_Assignment_
Using the listing below, set down each line from the line containing "- Max Factor" through the line containing "Για το Samsung", both ends included, exactly and with nothing added.

_Data for analysis_
■ ■ ■

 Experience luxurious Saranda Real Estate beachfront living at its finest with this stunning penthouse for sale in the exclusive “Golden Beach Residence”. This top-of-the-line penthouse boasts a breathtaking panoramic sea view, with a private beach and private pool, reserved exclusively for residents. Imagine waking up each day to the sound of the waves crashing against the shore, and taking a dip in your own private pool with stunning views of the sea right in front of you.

■ ■ ■

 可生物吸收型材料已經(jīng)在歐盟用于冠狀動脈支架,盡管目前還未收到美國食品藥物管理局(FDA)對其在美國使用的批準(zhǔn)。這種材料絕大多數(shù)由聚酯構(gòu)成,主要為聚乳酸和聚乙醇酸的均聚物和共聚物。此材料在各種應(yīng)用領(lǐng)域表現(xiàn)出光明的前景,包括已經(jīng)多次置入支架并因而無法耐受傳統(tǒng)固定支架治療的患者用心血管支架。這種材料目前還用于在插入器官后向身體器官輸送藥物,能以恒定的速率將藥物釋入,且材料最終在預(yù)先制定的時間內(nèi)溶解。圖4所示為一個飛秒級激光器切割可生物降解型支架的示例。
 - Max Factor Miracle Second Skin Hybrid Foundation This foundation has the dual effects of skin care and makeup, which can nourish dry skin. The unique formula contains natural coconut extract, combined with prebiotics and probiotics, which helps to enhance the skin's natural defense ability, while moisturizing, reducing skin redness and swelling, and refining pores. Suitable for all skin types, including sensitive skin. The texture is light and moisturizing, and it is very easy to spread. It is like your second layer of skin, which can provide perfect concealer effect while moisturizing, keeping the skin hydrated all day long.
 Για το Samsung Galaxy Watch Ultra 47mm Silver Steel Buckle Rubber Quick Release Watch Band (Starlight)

■ ■ ■

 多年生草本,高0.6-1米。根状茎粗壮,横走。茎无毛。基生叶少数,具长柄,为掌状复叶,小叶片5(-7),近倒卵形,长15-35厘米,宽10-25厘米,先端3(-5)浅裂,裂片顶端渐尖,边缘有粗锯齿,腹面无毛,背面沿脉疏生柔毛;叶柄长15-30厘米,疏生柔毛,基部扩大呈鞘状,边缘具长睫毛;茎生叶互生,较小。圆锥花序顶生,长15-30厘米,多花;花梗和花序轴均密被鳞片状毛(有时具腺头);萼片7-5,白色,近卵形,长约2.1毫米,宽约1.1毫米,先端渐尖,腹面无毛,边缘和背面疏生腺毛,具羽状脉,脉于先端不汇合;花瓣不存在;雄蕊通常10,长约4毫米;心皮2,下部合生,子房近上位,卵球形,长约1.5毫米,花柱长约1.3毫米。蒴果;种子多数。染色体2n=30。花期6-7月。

■ ■ ■

_Solution for this exercise_
 - Max Factor Miracle Second Skin Hybrid Foundation This foundation has the dual effects of skin care and makeup, which can nourish dry skin. The unique formula contains natural coconut extract, combined with prebiotics and probiotics, which helps to enhance the skin's natural defense ability, while moisturizing, reducing skin redness and swelling, and refining pores. Suitable for all skin types, including sensitive skin. The texture is light and moisturizing, and it is very easy to spread. It is like your second layer of skin, which can provide perfect concealer effect while moisturizing, keeping the skin hydrated all day long.
 Για το Samsung Galaxy Watch Ultra 47mm Silver Steel Buckle Rubber Quick Release Watch Band (Starlight)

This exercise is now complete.